Does there exists any function $f:\Bbb{R}\to \Bbb{R}$ such that $f$ is continuous on a dense $G_{\delta}$ subset of $\Bbb{R}$ and discontinuous almost everywhere on $\Bbb{R}$ ?

Attempt : (Yes)

We know the real line $\Bbb{R}$ can be decomposed into disjoint union of two small sets i.e $\Bbb{R}=N\cup M$ where $N$ is Lebesgue null and $M$ is meager (see here).

Since $\Bbb{R}$ is second category (non-meager) and $M$ is meager implies $N$ is of second category. Since complement of a first category set contains a dense $G_{\delta}$ subset of $\Bbb{R}$ , let $G\subset N$ a dense $G_{\delta}$ subset of $\Bbb{R}$.

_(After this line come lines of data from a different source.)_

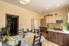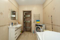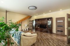 На первом этаже расположены: большая гостиная 38 кв.м., кухня-столовая 21 кв.м., кабинет 14 кв.м., сан. узел 8 кв.м., прихожая 11 кв.м., установлен тёплый пол.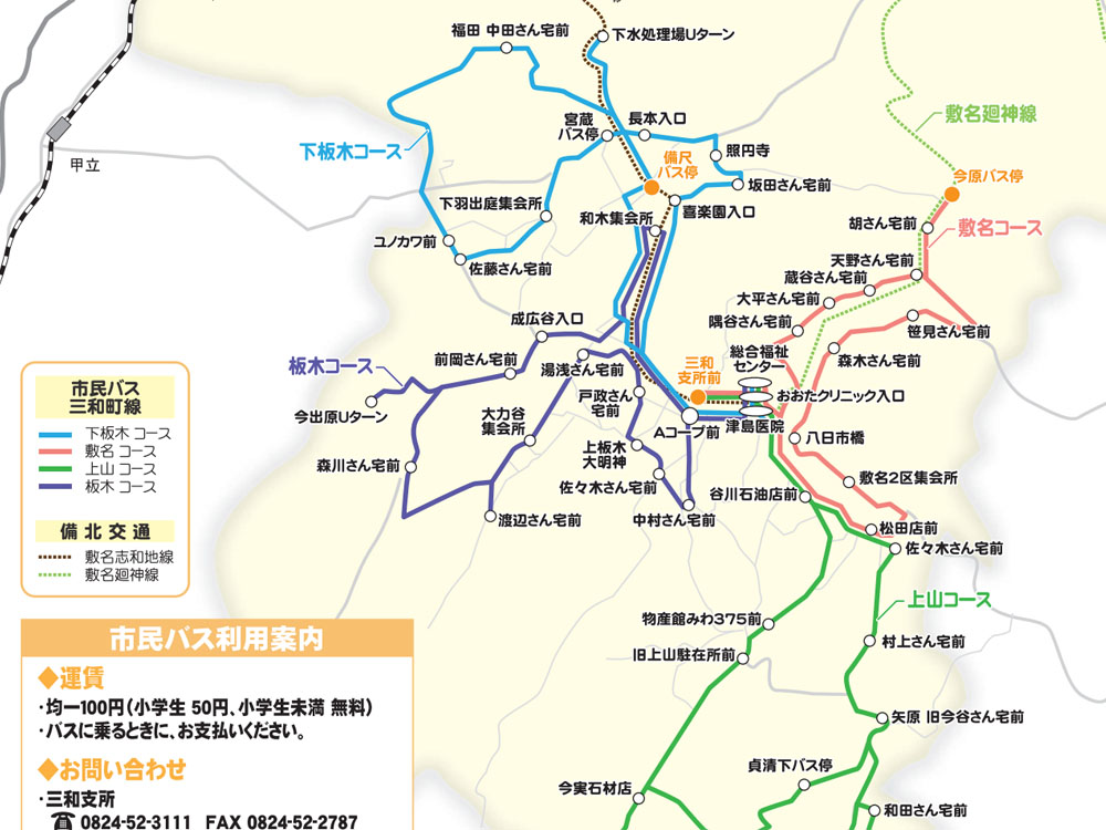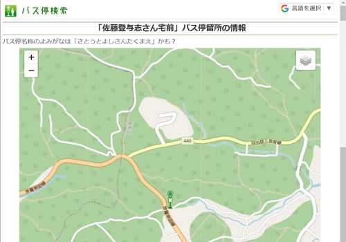 | 広島県 | 「○○さん宅前」が21個 | 三次市三和町 | ![]() 市民バス三和町線の運行案内(PDF、三次市公式ページ) ![]() 「佐藤△△△さん宅前」というフルネームのバス停の形跡も…(バス停検索) |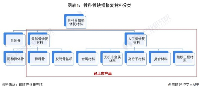骨科骨缺损修复材料按材料来源,可分为自体骨、天然骨修复材料、人工骨修复材料三大类,其中我国已上市的产品包括天然骨修复材料和人工骨修复材料两大类。天然骨修复材料又包括同种异体骨、异种骨和脱钙骨基质。人工骨修复材料又包括金属材料、无机非金属材料、高分子材料、复合材料和组织工程材料等不同类型产品。

According to this How to construct a real valued function which is continuous only on a given $G_\delta$ subset of $\mathbb{R}$? , we can construct a function which is continuous only on $G$ .

As $N$ is Lebesgue null and $G\subset N$ implies $m(G) =0$ . Hence $f$ is discontinuous everywhere.

Is my approach is correct ?

Edit: I can produce an explicit $G_{\delta}$ set of measure $0$.

Answer 1

The first part - existence of null dense $G_\delta$ set - can be show explicitly: let $q_n$ be enumeration of rationals, let $U_k = \bigcup_n (q_n - 2^{-n-k}, q_n + 2^{-n-k})$, then $\cap_k U_k$ is null (as $\mu(U_k) \leq 2^{-k}$), dense (as it contains $\mathbb Q$) and $G_\delta$ (as each $U_k$ is open).

I don't see any construction simpler than general to find a function continuous exactly on this set, but if we substitute our $U_k$ in general construction, we get pretty much explicit function.